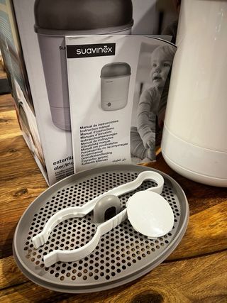 Esterilizador eléctrico Suavinex en color blanco y gris. Incluye todas las piezas. Ha tenido un poco de uso las primeras semanas. Así que está casi nuevo.
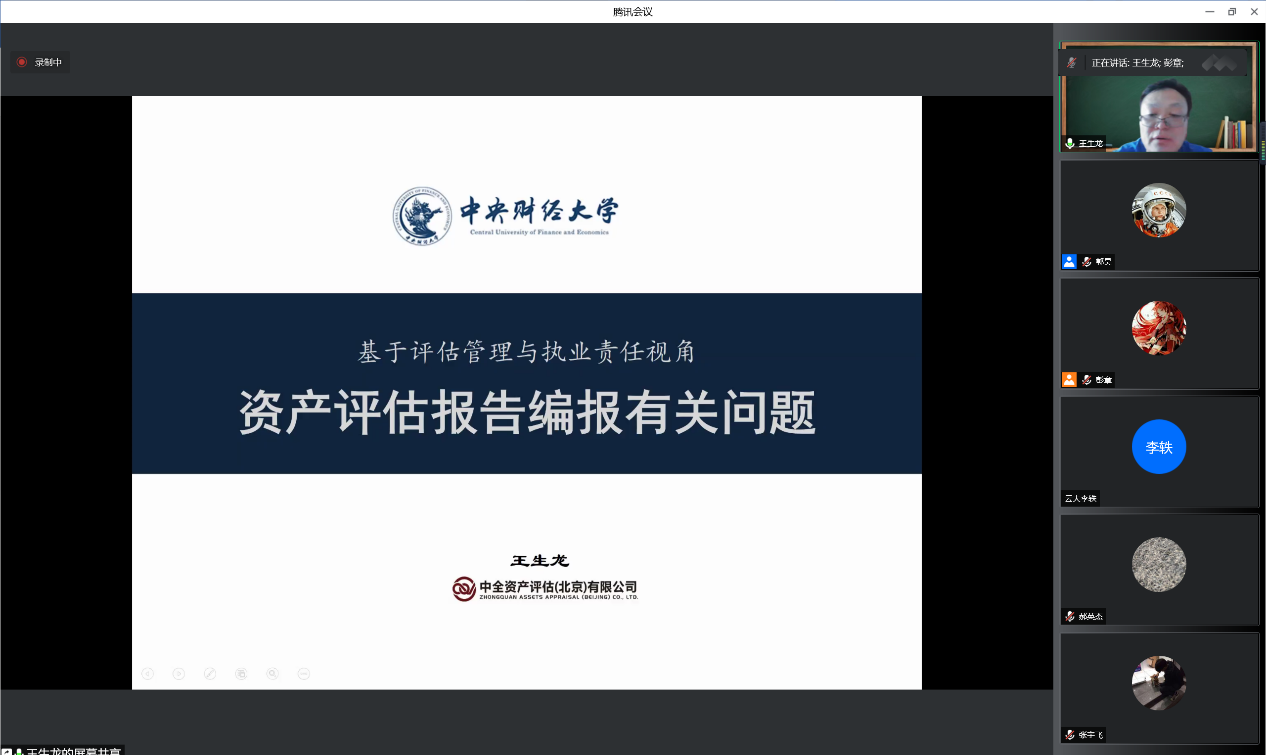 2022年4月-6月期间,今年会官网“资产评估大讲堂”系列讲座于每周三下午通过腾讯会议线上举办。副院长李小荣教授邀请了来自资产评估实务领域的各位专家,就评估案例与实务同2021级资产评估专业硕士的同学们进行了深入交流。
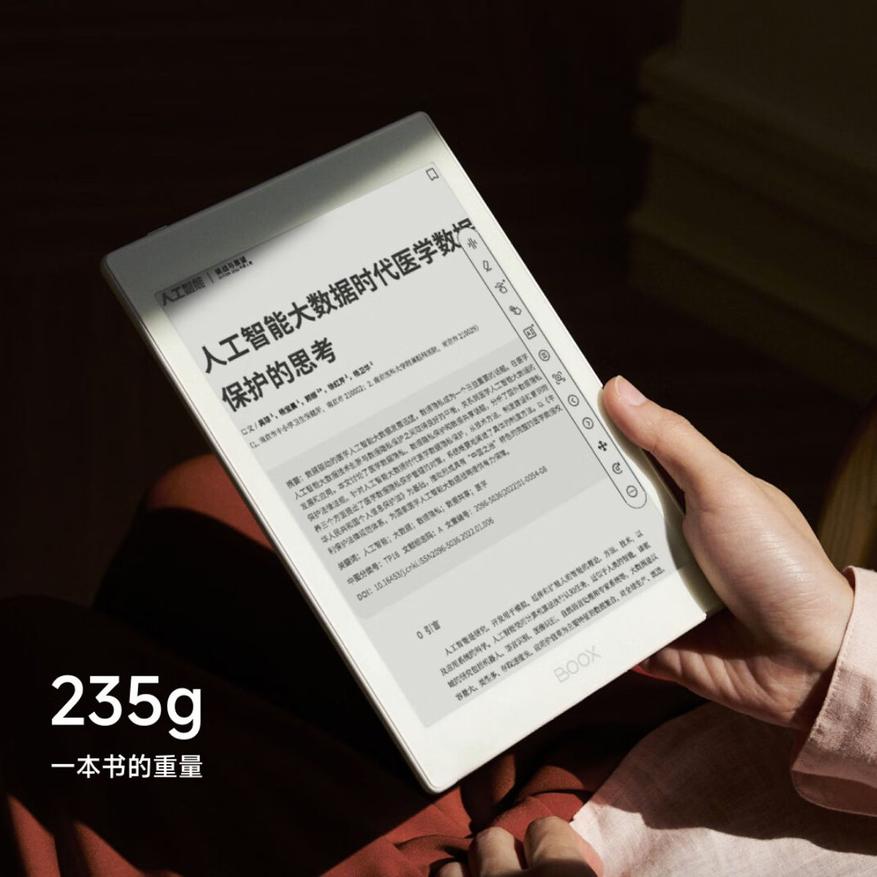 Модель оснащена 7,8-дюймовым дисплеем E-ink Carta 1300 с разрешением 300 ppi, что обеспечивает высокую чёткость текста и изображений. Габариты корпуса соответствуют формату A5, а вес составляет 235 граммов.
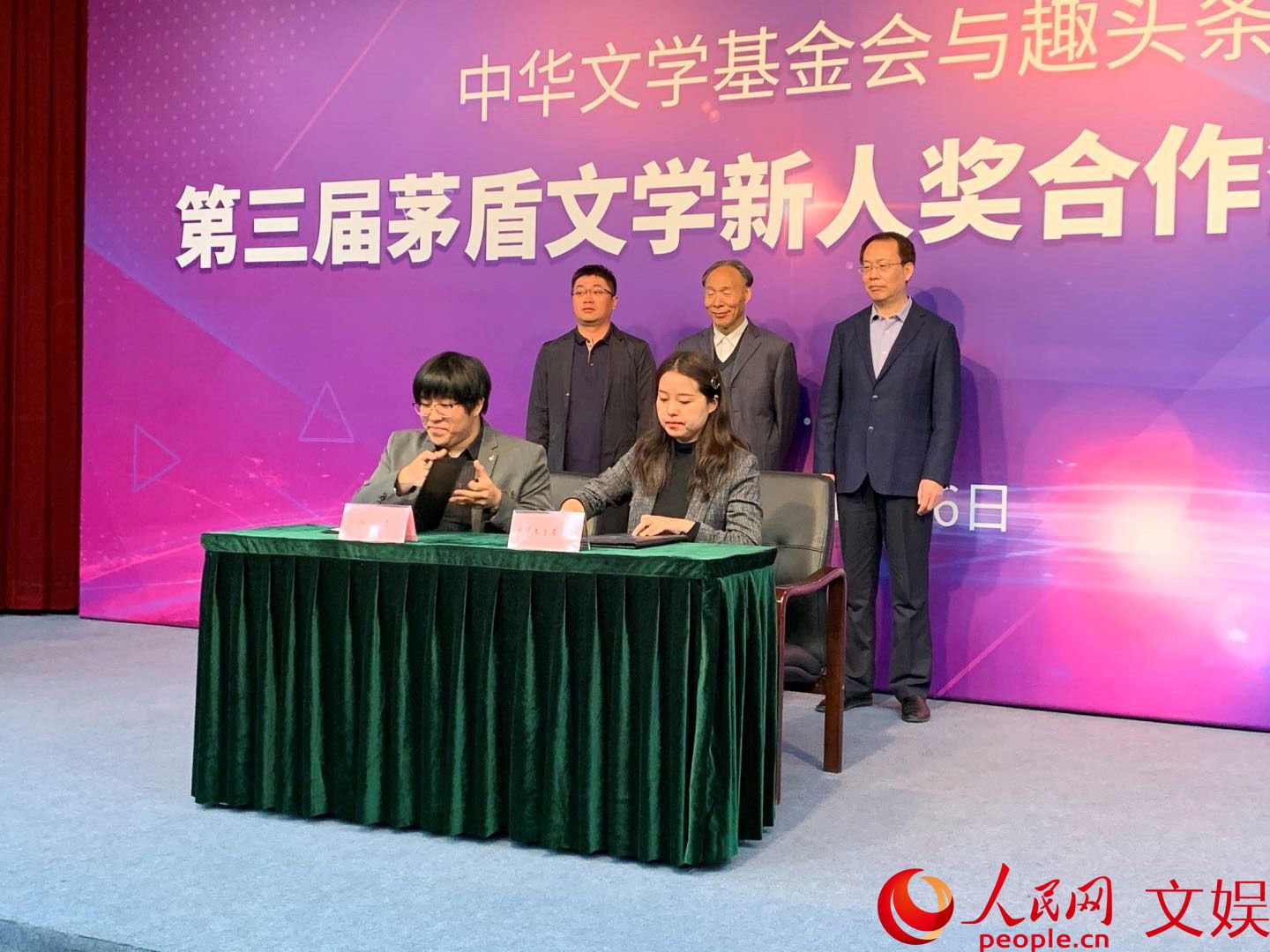 人民网北京11月28日电 第三届茅盾文学新人奖合作签约仪式近日在京举行,中华文学基金会与趣头条作为签约双方,将为繁荣文学创作和促进网络文学健康发展做出努力。
==============================
▸ **Exercise directions**: Please copy the data shown above word for word, omitting the pictures.

▸ **Expected output**:
 Esterilizador eléctrico Suavinex en color blanco y gris. Incluye todas las piezas. Ha tenido un poco de uso las primeras semanas. Así que está casi nuevo.
 2022年4月-6月期间,今年会官网“资产评估大讲堂”系列讲座于每周三下午通过腾讯会议线上举办。副院长李小荣教授邀请了来自资产评估实务领域的各位专家,就评估案例与实务同2021级资产评估专业硕士的同学们进行了深入交流。
 Модель оснащена 7,8-дюймовым дисплеем E-ink Carta 1300 с разрешением 300 ppi, что обеспечивает высокую чёткость текста и изображений. Габариты корпуса соответствуют формату A5, а вес составляет 235 граммов.
 人民网北京11月28日电 第三届茅盾文学新人奖合作签约仪式近日在京举行,中华文学基金会与趣头条作为签约双方,将为繁荣文学创作和促进网络文学健康发展做出努力。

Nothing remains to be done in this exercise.